Brief:
Could you copy out all of the records below exactly, leaving out every picture?

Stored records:
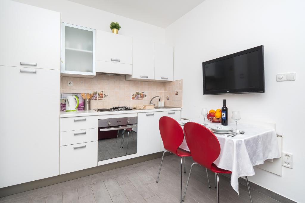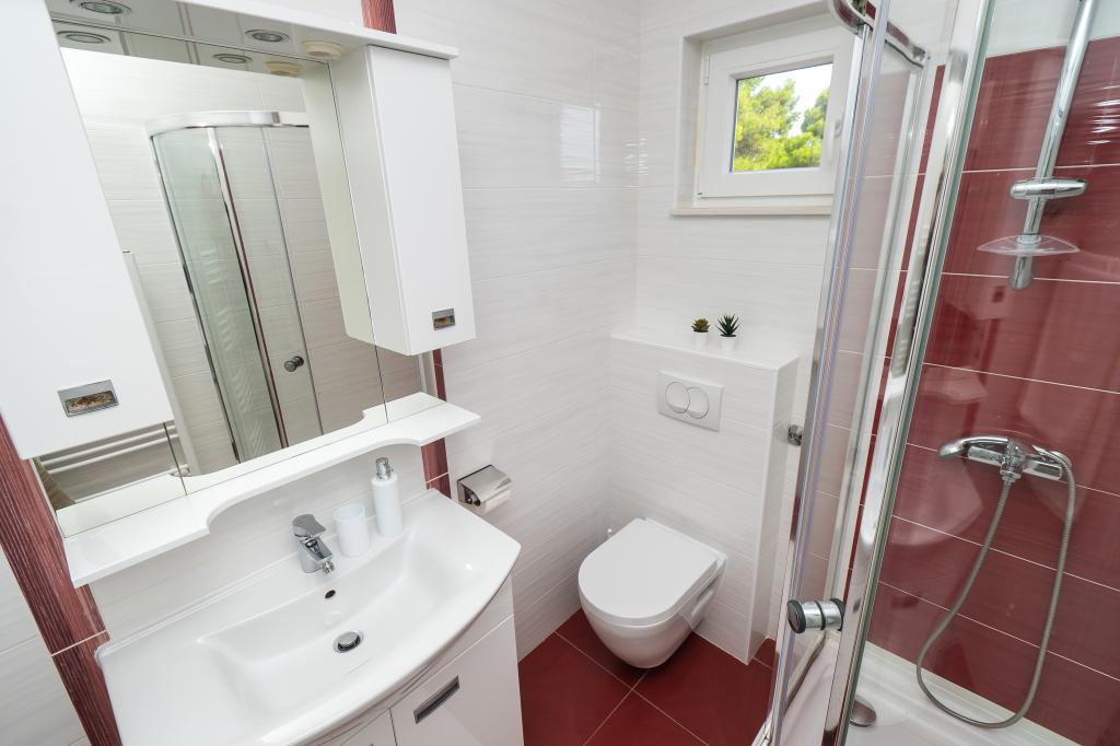 Nous vous recommandons ces appartements !!! Ils sont beaux, très bien équipée et propre. Dans un quartier calme et près de la mer .Krásná promener dans Vodice est juste 30min.pěšky. Il y a beaucoup de possibilités pour beaucoup děti- des cours de attractions sont des gens très gentils et c'est un salut.
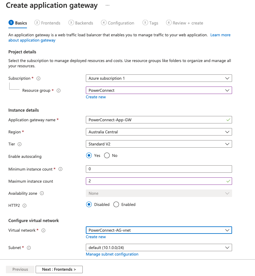 Fill out the details including the Application gateway name and min and max instance count. Either choose and existing Virtual network for the application gateway to reside or create a new one:
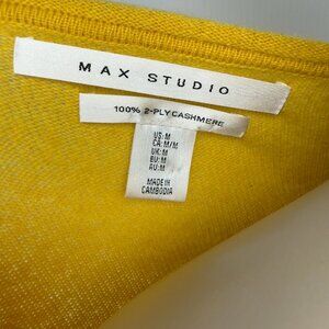 MAX STUDIO 2-Ply Cashmere Long Sleeve Boat Neck Rolled Edges Yellow Sweater Sz M
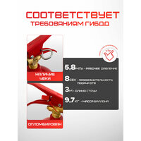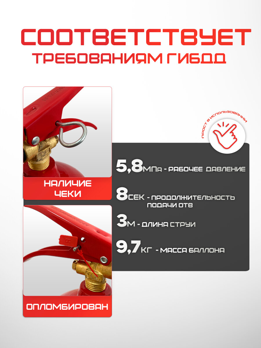 Технические характеристики: - масса заряда: 2,85 кг; - вместимость корпуса: 4,02 л; - масса огнетушителя: 9,4 кг; - длина выброса: 3 м; - продолжительность подачи огнетушащего вещества: 8,6 с; - огнетушащая способность: 34В; - габаритные размеры: 130х140х500 мм.
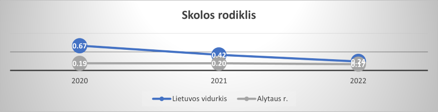 Skolos rodiklis. Kuo didesnis skolos rodiklis, tuo patiriama didesnė finansinė rizika, tuo sunkiau, susiklosčius nepalankioms sąlygoms, bus vykdyti prisiimtus įsipareigojimus ar gauti papildomą kreditą. Tačiau be skolintų lėšų dažnas ūkis negalėtų užtikrinti plėtros, įgyvendinti investicijų, susijusių su apsirūpinimu žemės ūkio, kitu turtu, didinančiais ūkio konkurencingumą rinkoje. Todėl skolintų lėšų naudojimas visada priimtas tol, kol nekelia grėsmės ūkio finansiniam stabilumui bei sklandžiai veiklai. Analizuodami Alytaus r. respondentų skolos rodiklį, matome, kad 2022 m. mūsų rajono respondentų skolos rodiklis mažesnis 10 proc., palyginti su 2021 m. Skolos rodiklis mažesnis ir Lietuvos mastu.
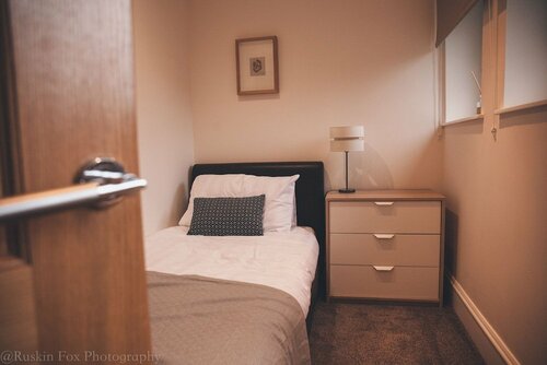 Здесь созданы все условия для комфортного проживания — есть холодильник, телевизор, утюг, микроволновая печь.
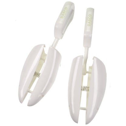Dasco Piccadilly shoe trees for men are a lightweight plastic shoe tree with split forepart. Designed to help keep shoes in excellent shape. Automatic length and width adjustment. Easy grip handle to aid shoe cleaning. Colour: White. Per Pair.
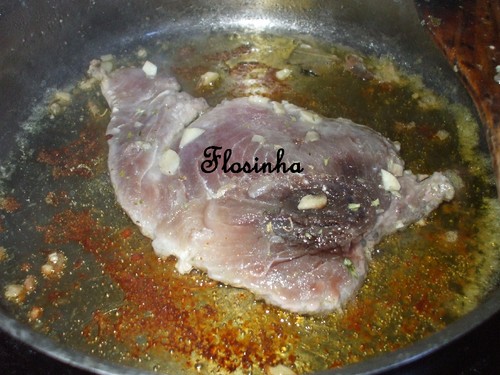 Enxugam-se com a ajuda de um papel absorvente ou um pano e fritam-se em azeite. Retiram-se os bifes para um recipiente e reserva-se.
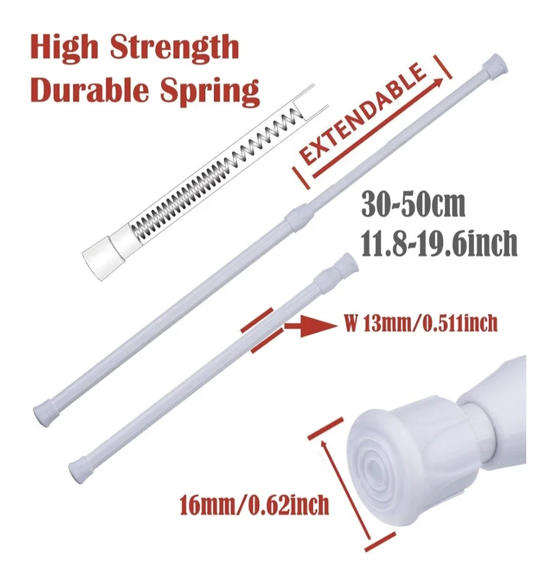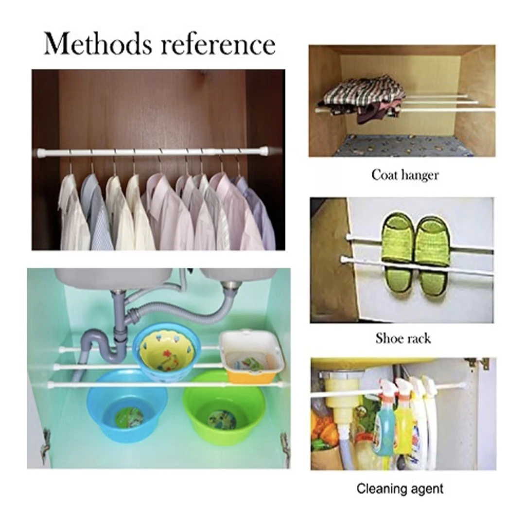 VERSATILE HANGING OPTIONS - -In addition to being placed between two walls in a bathroom for hanging a shower curtain, our spring tension rod can also be used in other areas of the home such as bedroom, living room, dining room, kitchen, small closet or window. For small spaces, it can be used to hang a curtain in lieu of a closet door, or to be wardrobe bars, laundry clothes drying rack. It can apply on smooth or rough walls with wallpaper, tile, or wooden frame

Reply to the task:
 Nous vous recommandons ces appartements !!! Ils sont beaux, très bien équipée et propre. Dans un quartier calme et près de la mer .Krásná promener dans Vodice est juste 30min.pěšky. Il y a beaucoup de possibilités pour beaucoup děti- des cours de attractions sont des gens très gentils et c'est un salut.
 Fill out the details including the Application gateway name and min and max instance count. Either choose and existing Virtual network for the application gateway to reside or create a new one:
 MAX STUDIO 2-Ply Cashmere Long Sleeve Boat Neck Rolled Edges Yellow Sweater Sz M
 Технические характеристики: - масса заряда: 2,85 кг; - вместимость корпуса: 4,02 л; - масса огнетушителя: 9,4 кг; - длина выброса: 3 м; - продолжительность подачи огнетушащего вещества: 8,6 с; - огнетушащая способность: 34В; - габаритные размеры: 130х140х500 мм.
 Skolos rodiklis. Kuo didesnis skolos rodiklis, tuo patiriama didesnė finansinė rizika, tuo sunkiau, susiklosčius nepalankioms sąlygoms, bus vykdyti prisiimtus įsipareigojimus ar gauti papildomą kreditą. Tačiau be skolintų lėšų dažnas ūkis negalėtų užtikrinti plėtros, įgyvendinti investicijų, susijusių su apsirūpinimu žemės ūkio, kitu turtu, didinančiais ūkio konkurencingumą rinkoje. Todėl skolintų lėšų naudojimas visada priimtas tol, kol nekelia grėsmės ūkio finansiniam stabilumui bei sklandžiai veiklai. Analizuodami Alytaus r. respondentų skolos rodiklį, matome, kad 2022 m. mūsų rajono respondentų skolos rodiklis mažesnis 10 proc., palyginti su 2021 m. Skolos rodiklis mažesnis ir Lietuvos mastu.
 Здесь созданы все условия для комфортного проживания — есть холодильник, телевизор, утюг, микроволновая печь.
Dasco Piccadilly shoe trees for men are a lightweight plastic shoe tree with split forepart. Designed to help keep shoes in excellent shape. Automatic length and width adjustment. Easy grip handle to aid shoe cleaning. Colour: White. Per Pair.
 Enxugam-se com a ajuda de um papel absorvente ou um pano e fritam-se em azeite. Retiram-se os bifes para um recipiente e reserva-se.
 VERSATILE HANGING OPTIONS - -In addition to being placed between two walls in a bathroom for hanging a shower curtain, our spring tension rod can also be used in other areas of the home such as bedroom, living room, dining room, kitchen, small closet or window. For small spaces, it can be used to hang a curtain in lieu of a closet door, or to be wardrobe bars, laundry clothes drying rack. It can apply on smooth or rough walls with wallpaper, tile, or wooden frame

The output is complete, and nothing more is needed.